Myeloablative regimens included high dose 1320-1375 cGy total body irradiation based regimens (n = 50), high dose chemotherapy-based (n = 17, predominantly Clo/Mel/Thio), or reduced intensity but functionally myeloablative regimens (n = 56 including 47 Cy/Flu/Thio/TBI400, 8 Mel/Flu, 1 other). Non-myeloablative conditioning was Cy/Flu/TBI200 (n = 34).

**

Unit dominating in hematopoiesis based on blood and/or bone marrow chimerism analyses irrespective of success of clinical neutrophil engraftment.

Anti-viral Prophylaxis, CMV Surveillance and Therapy

Pre-transplant CMV serostatus was determined on all patients. All patients received standard dose intravenous acyclovir (250 mg/m2 every 8 hours) for herpes simplex and varicella zoster virus prophylaxis adjusted for renal function but no CMV-specific prophylaxis. Monitoring for CMV reactivation was done twice weekly while inpatient in CMV seropositive patients from approximately day 14 after CBT, at least once weekly in CMV seronegative patients, and at least weekly from discharge until day 100 in all patients, and thereafter as clinically indicated.
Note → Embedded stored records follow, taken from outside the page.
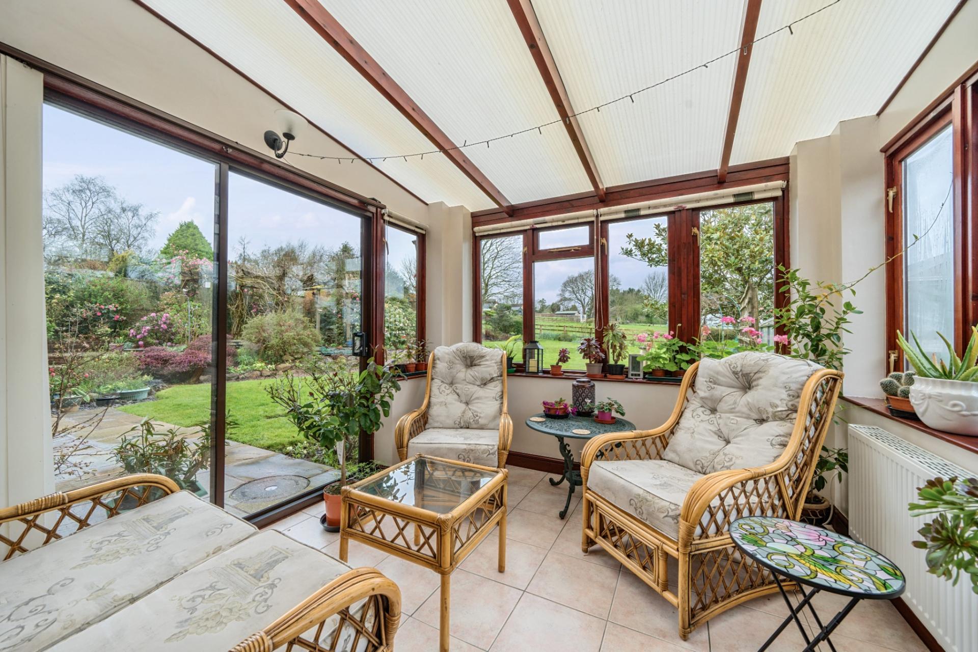 The garden is west-facing and has wonderful views over the open countryside. There is a private patio area easily accessed from the Kitchen, large lawn with shrub and flower beds, raised beds, greenhouse and two sheds. To the front is parking for several cars, lawn and shrub boarders accessed through a five bar gate. There is a double garage with single electric door, floor mounted oil boiler and access to roof storage. Private Drainage
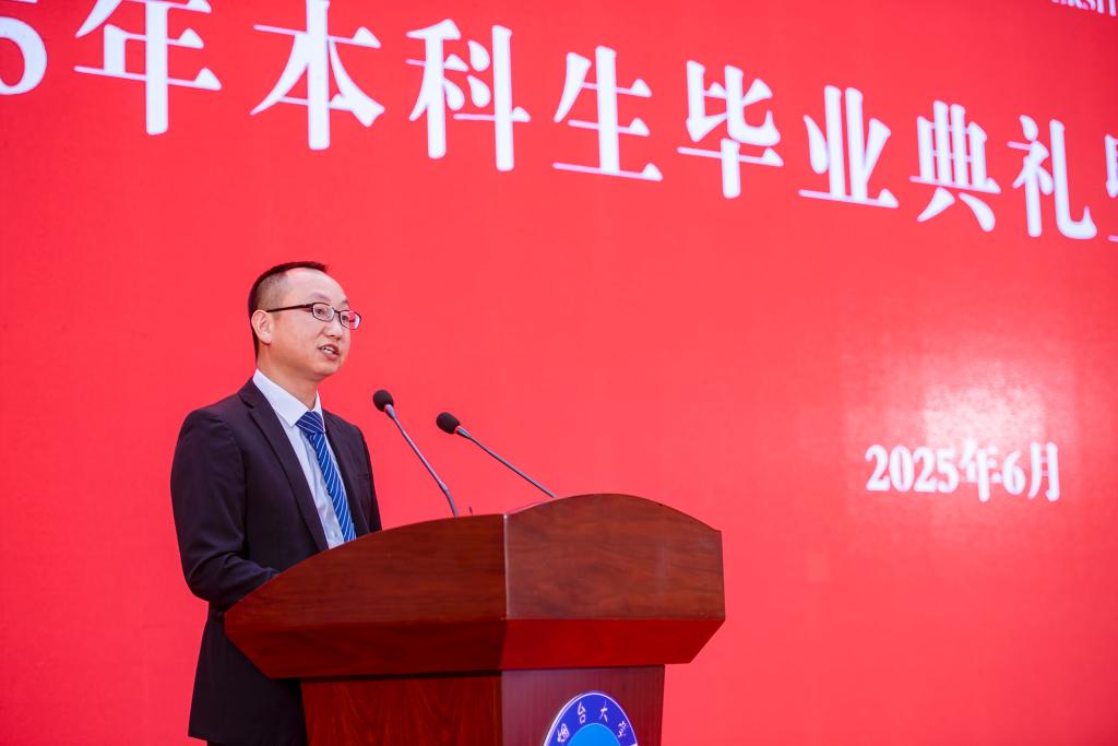毕业典礼上,党委副书记、校长郝曙光饱含深情地发表了题为“以精神之光照征程浩荡 用山海情怀书人生华章”的讲话,以校长、师长、学长的身份,向2025届毕业生表示热烈祝贺,与在场毕业生深情回望了学校发展的美丽画卷,通过“烟大之变、烟大之进、烟大之美”三个维度,生动勾勒出学校与学子同频共振的成长轨迹。郝曙光说道,同学们身上一个个色彩斑斓的青春梦想,在不舍寸功中开花结果,为逐梦前行的伟大时代写下生动注脚,为同学们取得的成绩感到骄傲和自豪。
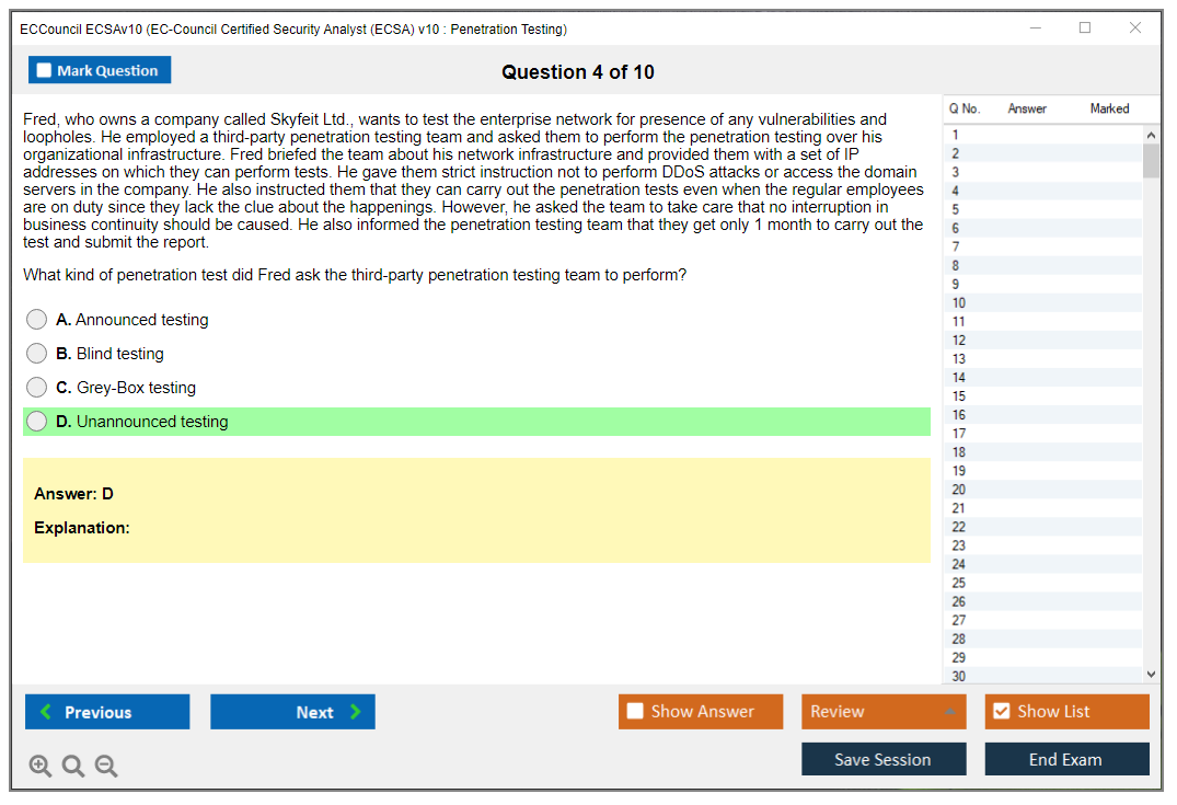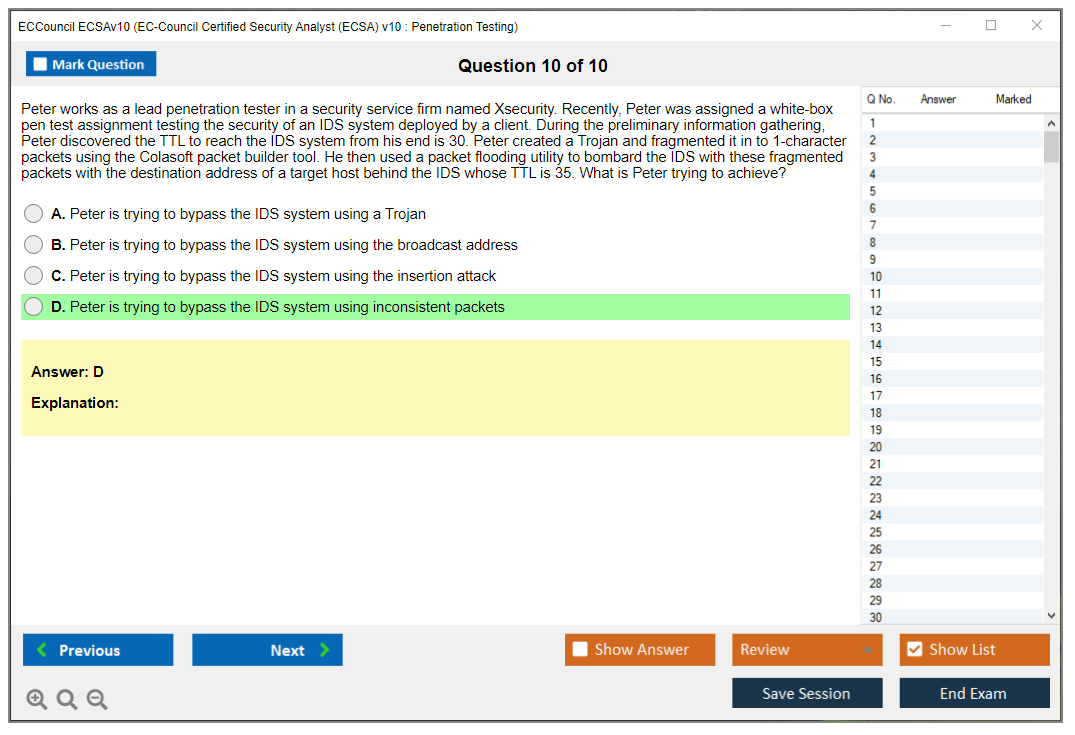 The ECCouncil ECSAv10 (EC-Council Certified Security Analyst (ECSA) v10) is a certification program that focuses on advanced security analysis and penetration testing. It is designed to validate the skills and knowledge required to perform comprehensive security assessments and penetration tests using a variety of methodologies and tools.
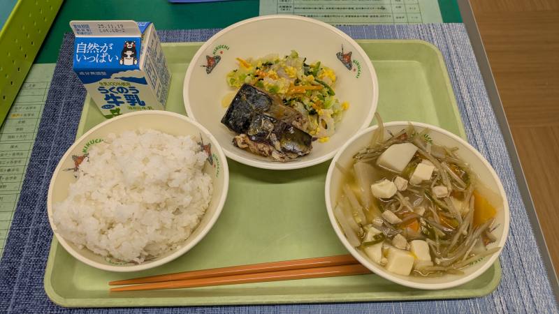 ・最近、寒くなってっきました。そんな時は温かい食べ物が欲しくなりますが、本日は菊池産の里芋とれんこんが豊富に入ったけんちん汁が出ました。出汁も効いていて身体にしみます。また、サバの味噌煮は甘く煮てあり、ご飯のおかずにピッタリでした!
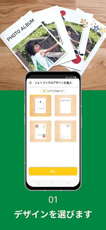 Aplikasi ini adalah aplikasi sederhana yang memungkinkan Anda membuat photobook ukuran B6 (182mm x 128mm) dengan mudah hanya dengan memilih 8 foto dan memilih desain.
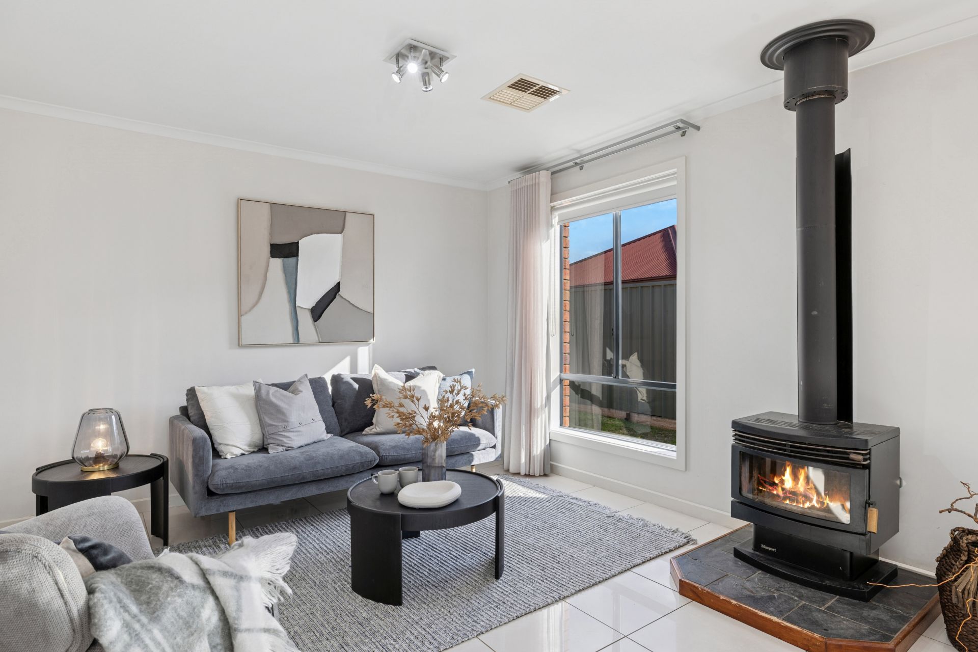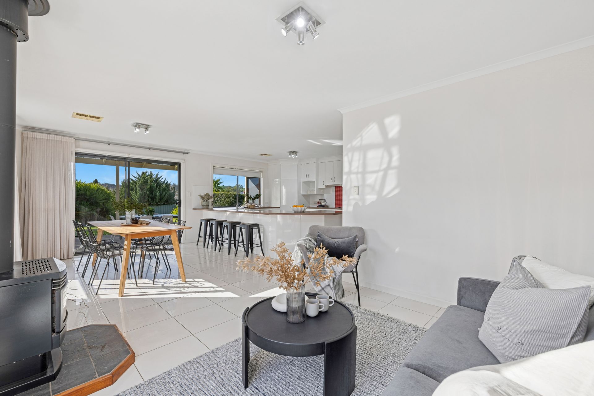 Quality family room drapes and sheers, ducted reverse-cycle air conditioning throughout, a cosy combustion fire, and durable tiling through high-traffic zones are just a glimpse of the thoughtful extras that truly make this house a home.
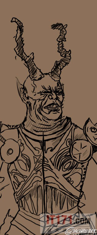 一个好的作品取决于他的设计,设计的好坏会决定作品的质量。我的设计灵感来源于《魔兽争霸》里的恶魔猎手,经过自己无意识的修改,草稿如下:
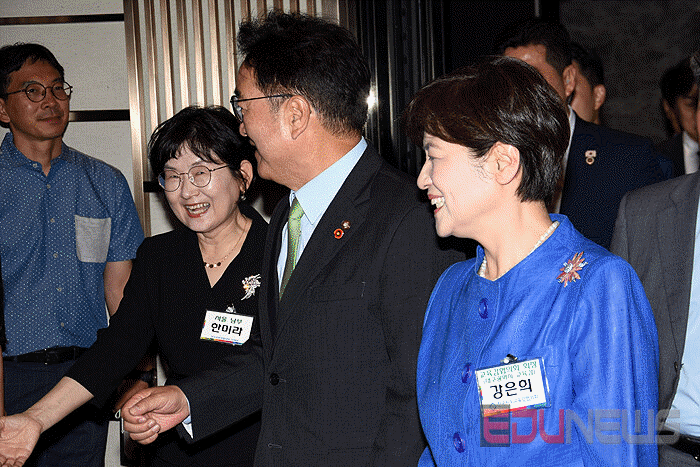 강은희 전국시도교육감협의회 회장은 “기차를 타고 오는데, 오신다(우원식 의장)는 말씀을 듣고 정말 너무 반가웠다”고 서두를 열고 “사실 정부 정책의 변화에 대해서 많은 분들이 우려도 하고, 기대도 하고 계신다”면서 “지난 7월 2일 시도교육감님들(정근식·도성훈·신경호·윤건영·김광수교육감)과 교육의 공공성과 지속가능성 확보, 미래교육 체제 전환을 위한 4대 교육과제를 국정기획위원회에 설명하고 공식 제안했다”고 설명했다.
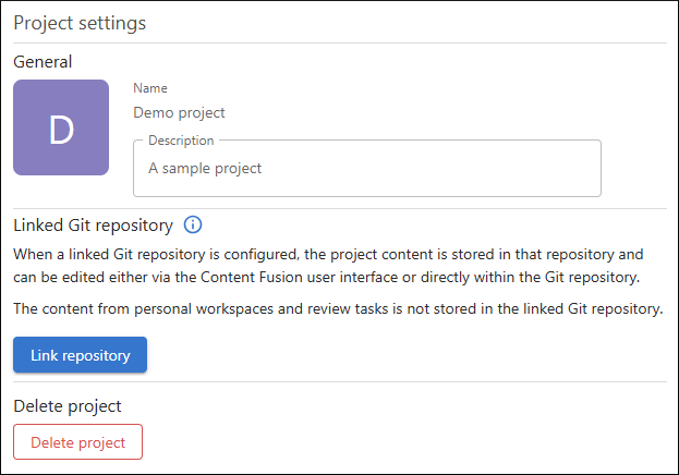 - If the project is imported from a Git repository, that repository is automatically linked.
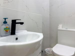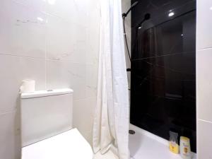 The apartment features one bedroom alongside a bathroom equipped with shampoo, toilet, and shower facilities. Additional conveniences include a washing machine for guest use.
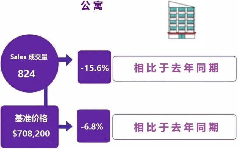 公寓成交量为824套,较去年同期的976套下降15.6%;该类住宅的基准价格为$708,200。
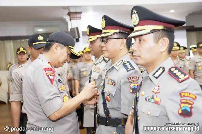RADARSEMARANG.COM, SEMARANG-Polda Jateng kembali melakukan rotasi atau mutasi jabatan. Kali ini, lima pejabat utama (PJU) dan delapan Kapolres dirotasi. Kelima PJU adalah Karo SDM Polda Jateng dari Kombes Pol Agoes Soejadi Soepraptono, digantikan oleh Kombes Pol Iriansyah. Kemudian Kabidpropam Polda Jateng, Kombes Pol Jamaluddin Farti, digantikan oleh Kombes Pol Mukiya. Kabidhumas Polda Jateng, Kombes Pol Agus Triatmaja, diganti Kombes Pol Iskandar Fitriana Sutisna. Kepala Yanma Polda Jateng, AKBP Valentinus Virasandy Asmoro diganti AKBP Umi Maryati. Sedangkan satunya Kabidlabfor Polda Jateng, Kombes yang sebelumnya kosong kini telah diisi Kombes Pol Dr Nursamran Subandi.
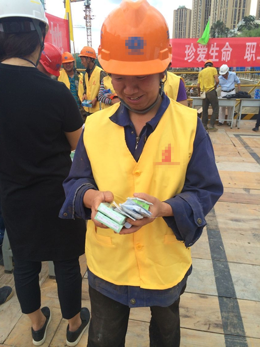 公司結(jié)合禁毒宣傳活動(dòng)同時(shí)開(kāi)展送清涼活動(dòng),退管會(huì)劉秀偉醫(yī)生免費(fèi)為現(xiàn)場(chǎng)職工進(jìn)行心臟、脈搏、血壓等常規(guī)體檢,開(kāi)展了防流感咨詢,宣傳了高血壓、高血脂、糖尿病等常見(jiàn)慢性疾病的預(yù)防保健知識(shí)。公司工會(huì)、五〇八直管項(xiàng)目部、五〇四直管項(xiàng)目部、第三安裝直管項(xiàng)目部一同為項(xiàng)目管理一線管理人員和勞務(wù)班組人員發(fā)放小風(fēng)扇、清涼茶、藿香正氣水、板藍(lán)根、風(fēng)油精、清涼油、保濟(jì)丸等十幾種預(yù)防夏季高溫中暑的藥物。還發(fā)放了創(chuàng)可貼、醫(yī)用酒精、棉球等日常外用藥品和200盒計(jì)生用品。

Between 10/2005 and 5/2010, surveillance was performed by pp65 antigenemia assay +/− sporadic send-out plasma quantitative polymerase chain reaction (qPCR, lower limit of quantitation 100 copies/ml) at the treating physician's discretion. Since June 2010, patients were monitored by routine MSKCC whole blood qPCR (LightCycler® CMV Quantitative Kit, Roche Diagnostics, Indianapolis, IN, quantitation lower limit 500 copies/ml). The level of viremia prompting pre-emptive therapy during the antigenemia era was usually > 1 cell/slide and in the PCR era was ≥ 1000 copies/ml. Preemptive treatment included foscarnet, ganciclovir, or valganciclovir depending on blood counts and renal function. Duration of CMV active therapy and continuation of valganciclovir as secondary prophylaxis were at the treating physician's discretion.

Study Definitions

Viremia was defined as positive antigenemia (≥ 1 cell/slide or ≥ 1 cell on one slide on ≥ 2 occasions), or detection of CMV DNA in whole blood qPCR. CMV infection was viremia and/or end-organ disease. By definition, one infection had a maximum duration of 60 days. Therefore, persistent or recurrent infection after 60 days was defined as a second infection14. CMV disease was defined by standardized criteria15, 16. Thus, CMV pneumonia was clinical pulmonary disease combined with the detection of CMV in bronchoalveolar lavage fluid or lung tissue by culture and/or histopathologic testing, and PCR positive broncho-alveolar lavage was not sufficient for the diagnosis of pneumonia16. Gastrointestinal disease was defined as clinical gastrointestinal symptoms with demonstration of CMV infection (by culture and/or histopathologic testing) in biopsies.

Statistical Methods

Descriptive statistics were used to compare patient and graft characteristics according to CMV sero-status. A Wilcoxon rank-sum statistic compared patient age according to sero-status. The competing events in cumulative incidence estimates of CMV infection was relapse or death, and for CMV-related TRM was relapse or death unrelated to CMV. DFS was calculated by Kaplan-Meier methodology. Cumulative incidence and survival were compared across CMV serostatus using Gray's test and the logrank test, respectively. Cox regression was used to assess the association between serostatus and DFS while adjusting for recipient age. Analyses were performed in R statistical software version 2.13.2 (R Foundation for Statistical Computing, Vienna, Austria).

Results

Characteristics of Patients and Grafts

Patient and dominant unit characteristics are summarized in Table 1. Of 157 patients (median age 39 years), 85 (54%) were CMV seropositive. CMV seronegative patients (n = 72) were younger (p < 0.001). The CMV-positive and seronegative groups were otherwise similar.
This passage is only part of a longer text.